▼▼▼

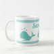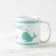 Artic Teal Blue Whale & vågar Blue & White Border Kaffemugg
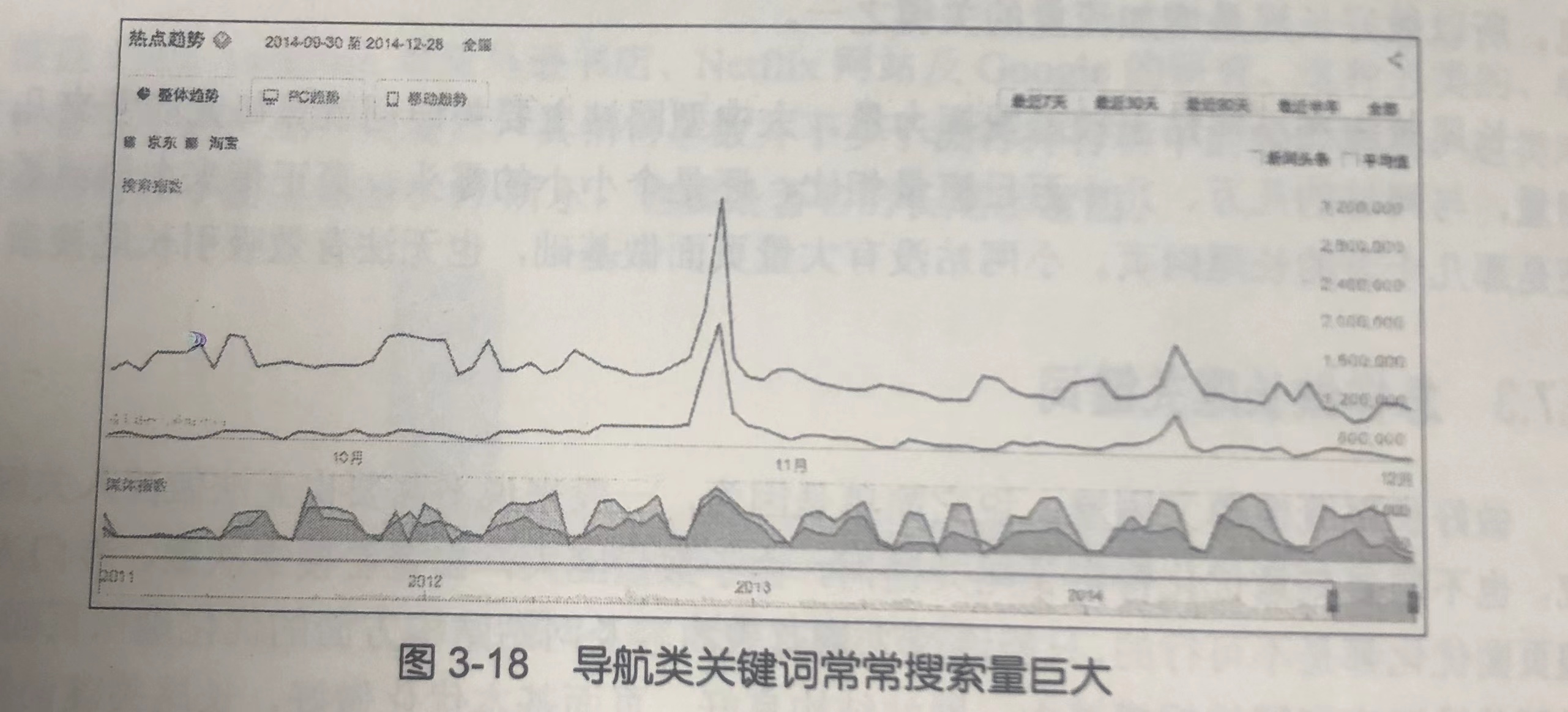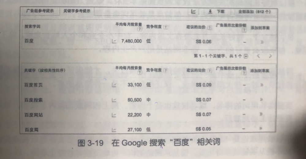 如图 3-18 所示,导航类关键词常常搜索量巨大。导航类关键词占所有搜索的大致10%,这是一个不小的比例。甚至在 Google 搜索百度(如图 3-19 所示)、在百度搜索 Google 的都大有人在。
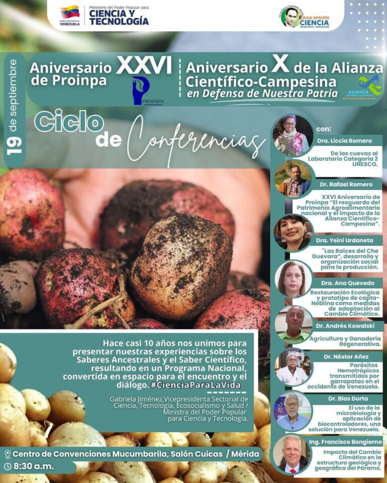 (Caracas, 17 de septiembre de 2025).- La Asociación de Productores Integrales del Páramo (Proinpa) y la Alianza Científico – Campesina celebran semana aniversario con un ciclo de conferencias en el Centro de Convenciones Mucumbarita, del estado Mérida.
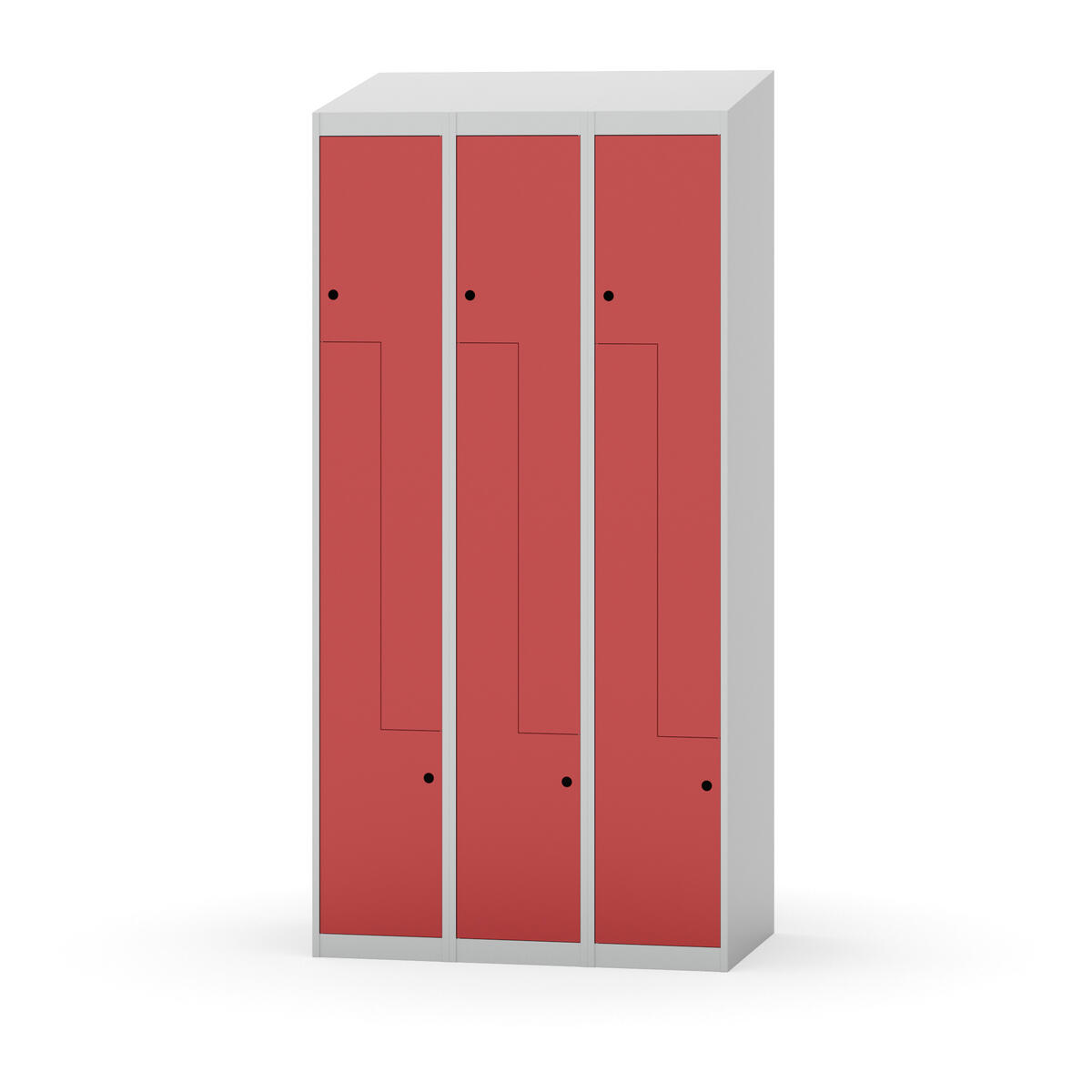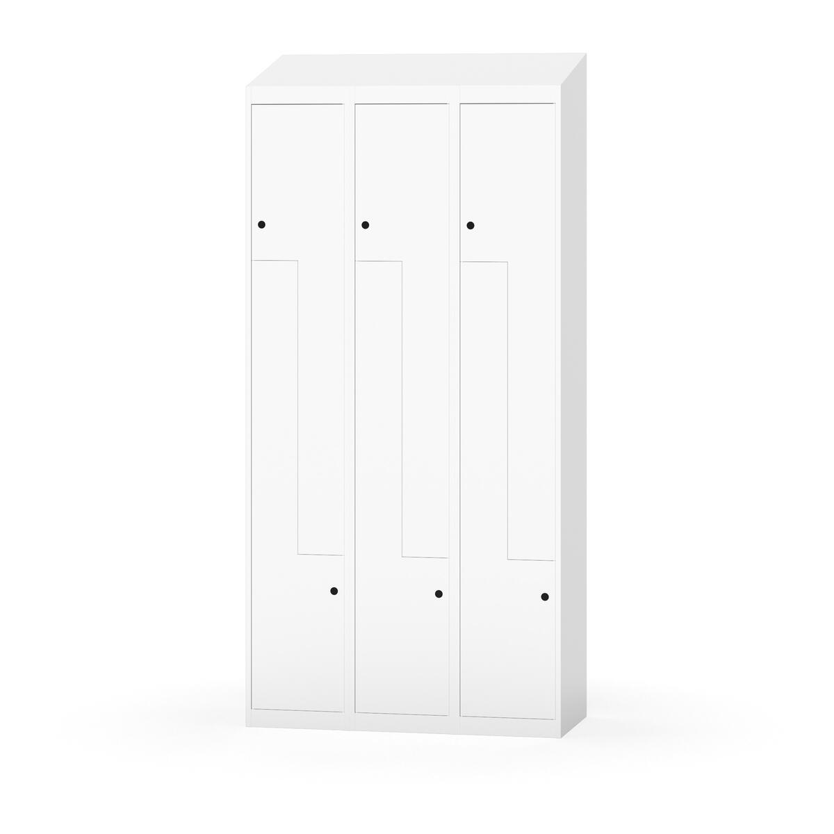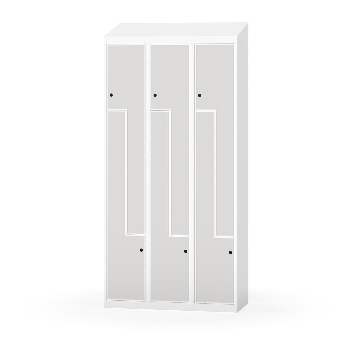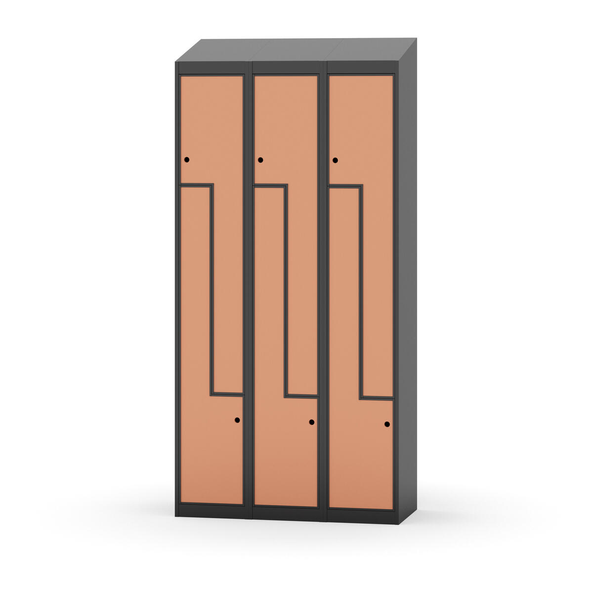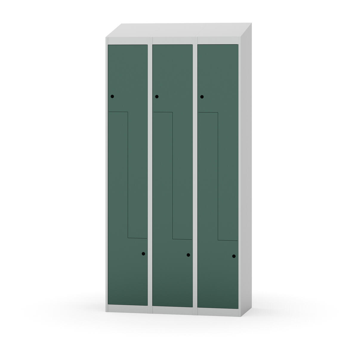 Klädskåp med helsvetsad stomme. Välj mellan plåt eller laminatdörr. Plåtdörren är försedd med dörrstopp i stål och infälld förstärkning kring låshålet. Laminatdörr infälld i stålram försedd med dörrstopp i stål. Dörrar är öppningsbara 90 grader. Inredning: Klädstång med ankarkrok. Slät golvyta utan tröskel. Ventilation genom hål i tak-/bottenplåt. Observera att lås och underrede beställs på separata artikelnummer. Lås kommer att vara monterade på skåp vid leverans. Valt underrede monteras på plats.
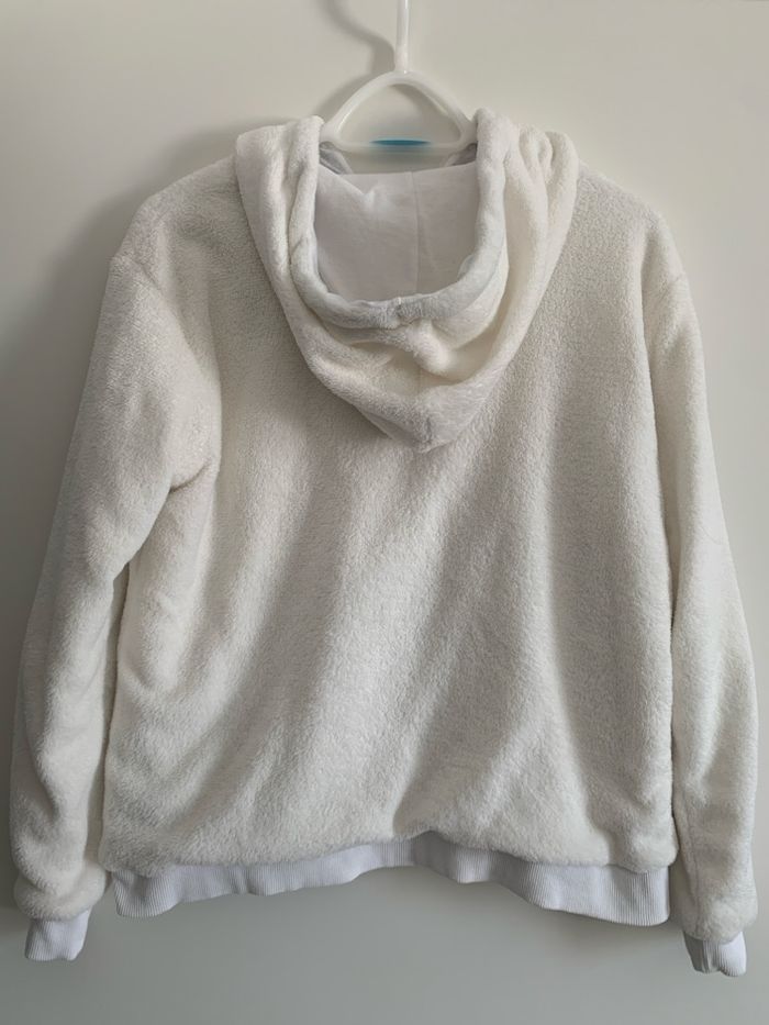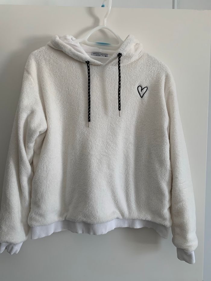 Vends sweat blanc pilou-pilou avec capuche, taille M, marque de chez Distri Center. Très bon état.
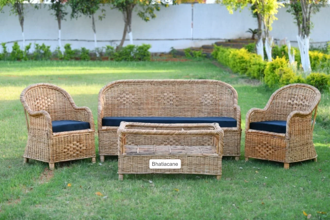 Cane Sofa Set with Table – Furniture for Home
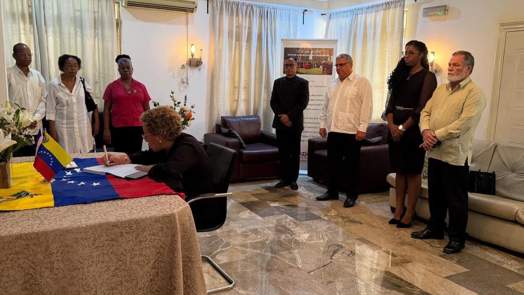 Representing Venezuela were the Chargé d’Affaires a.i., Mr. Álvaro Guzmán, and the Minister Counsellor, Mr. Luis Ernesto Pineda, who received the Cuban delegation in an atmosphere of deep respect and solemn reflection.
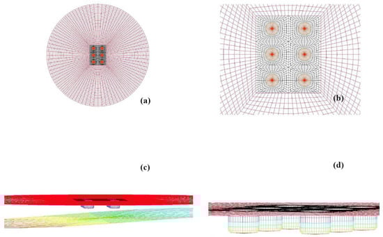Computational grid for a WEC array of 3 × 2 WECs: (a) plot of the whole mesh on the free surface, (b) zoom in the subregion of floaters, (c,d) 3D view of the mesh in the vicinity of the WECs.
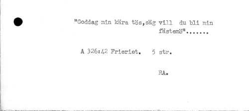//// ^ "Goddag min kära tös,säg vill du bli min //// fästemH"....... //// ! //// A 326:42 Frieriet. 5 str. //// RA. //// ( //// t //// - r ...^ ////
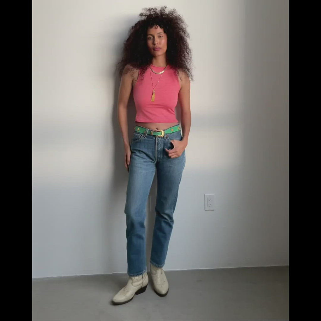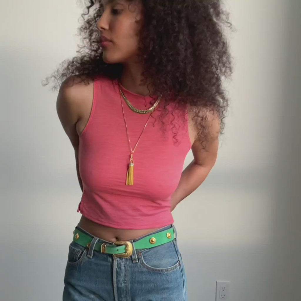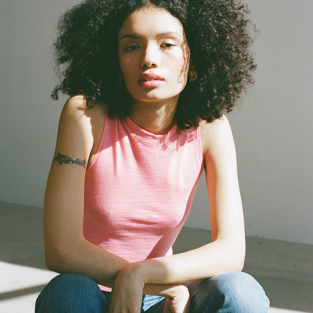 A classic sleeveless tee with a high neckline and slim, cropped silhouette. A limited edition for summer, The Muscle Tee in coral is made in a soft cotton blend with a subtle heathered effect. **THIS ITEM IS FINAL SALE.

▲▲▲

Repeat exactly the stretch of the listing above that starts with the line holding "Klädskåp med helsvetsad" and finishes with the line holding "Representing Venezuela were", both included. Skip every picture.

• Reply
 Klädskåp med helsvetsad stomme. Välj mellan plåt eller laminatdörr. Plåtdörren är försedd med dörrstopp i stål och infälld förstärkning kring låshålet. Laminatdörr infälld i stålram försedd med dörrstopp i stål. Dörrar är öppningsbara 90 grader. Inredning: Klädstång med ankarkrok. Slät golvyta utan tröskel. Ventilation genom hål i tak-/bottenplåt. Observera att lås och underrede beställs på separata artikelnummer. Lås kommer att vara monterade på skåp vid leverans. Valt underrede monteras på plats.
 Vends sweat blanc pilou-pilou avec capuche, taille M, marque de chez Distri Center. Très bon état.
 Cane Sofa Set with Table – Furniture for Home
 Representing Venezuela were the Chargé d’Affaires a.i., Mr. Álvaro Guzmán, and the Minister Counsellor, Mr. Luis Ernesto Pineda, who received the Cuban delegation in an atmosphere of deep respect and solemn reflection.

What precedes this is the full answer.